Data to process —
· · · ·

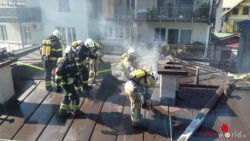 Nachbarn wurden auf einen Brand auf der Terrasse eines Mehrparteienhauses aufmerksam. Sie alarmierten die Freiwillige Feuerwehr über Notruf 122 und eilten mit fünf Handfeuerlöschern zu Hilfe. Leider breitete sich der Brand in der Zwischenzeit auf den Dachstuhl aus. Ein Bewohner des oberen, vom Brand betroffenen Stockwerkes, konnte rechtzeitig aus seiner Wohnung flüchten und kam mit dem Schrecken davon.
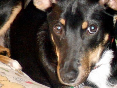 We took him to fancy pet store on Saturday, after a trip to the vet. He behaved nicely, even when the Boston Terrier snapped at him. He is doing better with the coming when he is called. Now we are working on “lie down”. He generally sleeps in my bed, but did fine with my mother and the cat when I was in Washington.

· · · ·

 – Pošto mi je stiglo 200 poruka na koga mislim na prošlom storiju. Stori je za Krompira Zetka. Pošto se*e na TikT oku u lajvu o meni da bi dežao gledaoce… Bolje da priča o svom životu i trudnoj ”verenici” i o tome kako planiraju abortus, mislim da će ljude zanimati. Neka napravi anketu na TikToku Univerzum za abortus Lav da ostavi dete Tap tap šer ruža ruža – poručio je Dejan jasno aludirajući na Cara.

· · · ·

In the data above, start at the line holding "Nachbarn wurden auf" and stop after the line holding "We took him"; write out those lines exactly, without pictures.

Solution —
 Nachbarn wurden auf einen Brand auf der Terrasse eines Mehrparteienhauses aufmerksam. Sie alarmierten die Freiwillige Feuerwehr über Notruf 122 und eilten mit fünf Handfeuerlöschern zu Hilfe. Leider breitete sich der Brand in der Zwischenzeit auf den Dachstuhl aus. Ein Bewohner des oberen, vom Brand betroffenen Stockwerkes, konnte rechtzeitig aus seiner Wohnung flüchten und kam mit dem Schrecken davon.
 We took him to fancy pet store on Saturday, after a trip to the vet. He behaved nicely, even when the Boston Terrier snapped at him. He is doing better with the coming when he is called. Now we are working on “lie down”. He generally sleeps in my bed, but did fine with my mother and the cat when I was in Washington.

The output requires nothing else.